Мы проехали мимо пустырей, покрытых белым снегом, пустырей, покрытых грязным снегом, мимо раскисших полей, производивших столь же веселое впечатление, как раскисшие низины Нью-Джерси. Появились окраины Москвы — маленькие пряничные домики вдоль дороги, крашеные, облезлые; они стоят рядами, но отдельно друг от друга. Затем появились ряды высоких застроек, по большей части грязно-белые на грязно-белом снегу. Вид у них был такой, будто с нижних этажей штукатурка облезла прежде, чем успели возвести верхние, — до чего же печальное зрелище являла собой эта земля. Мартовское небо было такое же серое, как бетонные стены аэропорта Шереметьево. В этот момент коммунизм вызывал у меня раздражение не меньшее, чем таксист, этот пережиток прошлого, — наглый, грязный, унылый, готовый тебя обокрасть. Конечно, таксист мог быть передовой разведкой КГБ. Меня что же, решили встретить?

Над шоссе был протянут плакат. Что-то по-русски. Среди слов я уловил «Ленин». Без сомнения, очередное назидание. Над сколькими дорогами в сколь многих жалких, до безобразия плохо обеспеченных странах «третьего мира» можно увидеть такие плакаты? Хотя бы в Заире. А еще в Никарагуа, в Сирии, в Северной Корее, в Уганде. Кому до этого дело? Я не мог вылезти из своего туннеля. Начали появляться московские улицы, но боковые стекла в моей машине были забрызганы грязью, а по переднему стеклу шастали два усталых «дворника», веерами размазывавшие струйками стекавшую соль. Шофер был мрачен, как грозовая туча в августе.

Теперь мы очутились на большом бульваре, где было совсем небольшое движение. Мимо боковых окон потрухали строгие старые здания — государственные учреждения и научные институты. Пешеходов было мало. Было воскресенье. И это центр города!

Такси остановилось на площади перед зеленым шестиэтажным старинным зданием. На нем была надпись: «МЕТРОПОЛЬ». Я прибыл. В дом, такой далекий от моего родного дома.

Я дал таксисту два доллара на чай. Он просил десять. Чувствовалось, что он недюжинно силен.

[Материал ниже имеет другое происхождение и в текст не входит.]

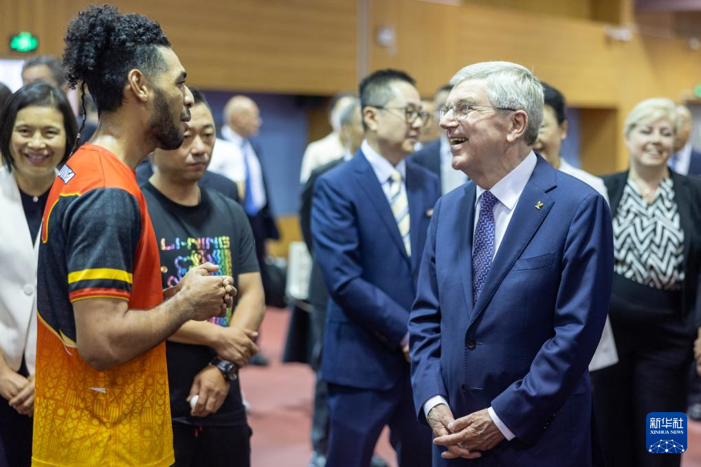 5月19日,国际奥委会主席巴赫(右)在上海体育大学中国乒乓球学院与在此集训的巴布亚新几内亚运动员罗伊交流。新华社记者 王翔 摄
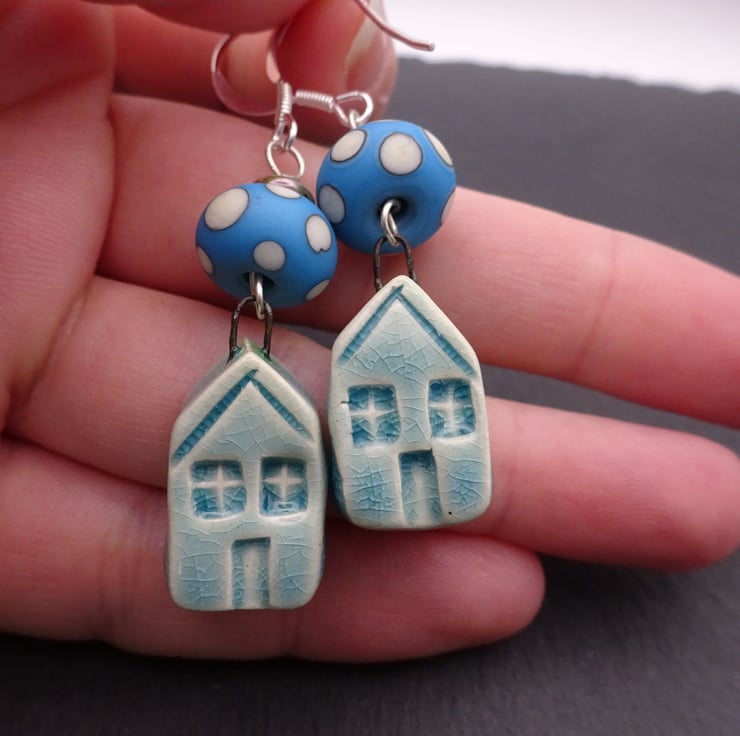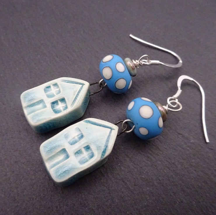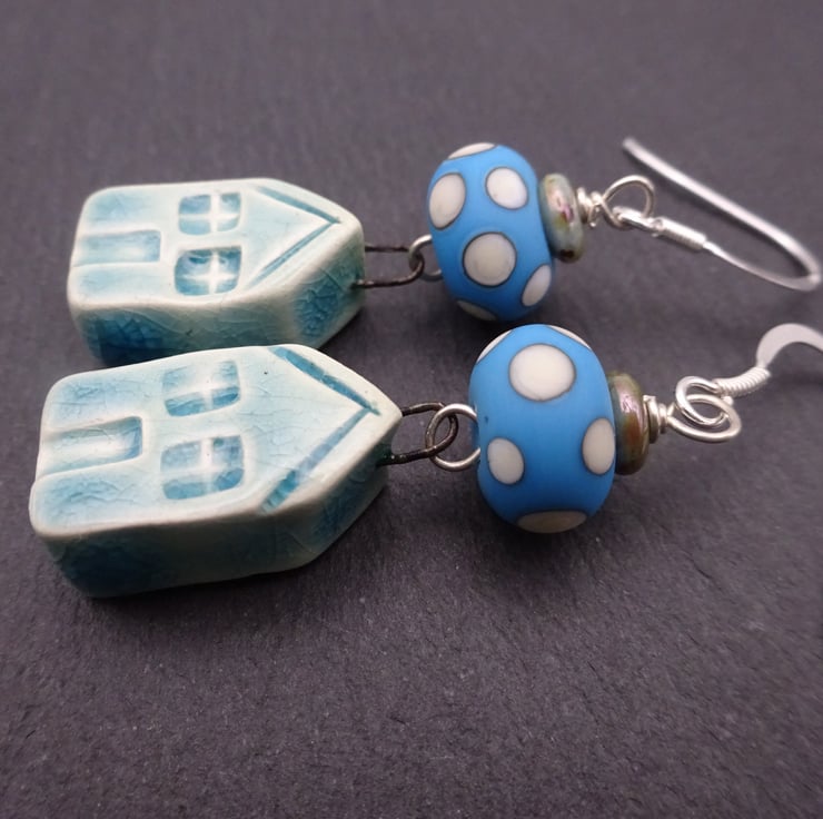 A pair of earrings made with sterling silver ear wires, my handmade lampwork glass beads which are turquoise blue with ivory spots and handmade ceramic house charms.

Какой-то слабенький нерв во мне дрогнул, и я дал ему пять долларов. Нервы у меня, повторяю, стали уже не те.

Швейцар был крепкий мордастый старик, похожий на отставного мафиози самого низкого пошиба. На лацкане его серой униформы красовался какой-то военный орден. Кто-кто, а уж он не станет проявлять любезность к иностранцу.

Не спешил он и помочь мне с чемоданами. На его обязанности — не пускать людей в гостиницу. Мне пришлось показать квитанцию агентства путешествий, чтобы он меня впустил. И я вошел в мрачный холл. Все здесь было выдержано в коричневых тонах сигары и зеленых тонах железнодорожных вагонов. Паркет на полу был такой старый, что прогибался под ногами, как дешевый линолеум. У меня было такое чувство, будто я попал в один из многострадальных отелей на боковых улочках, ответвляющихся от Таймс-сквер, — стоит такой отель, весь пропахший сигарным дымом, и ждет, когда его разрушат.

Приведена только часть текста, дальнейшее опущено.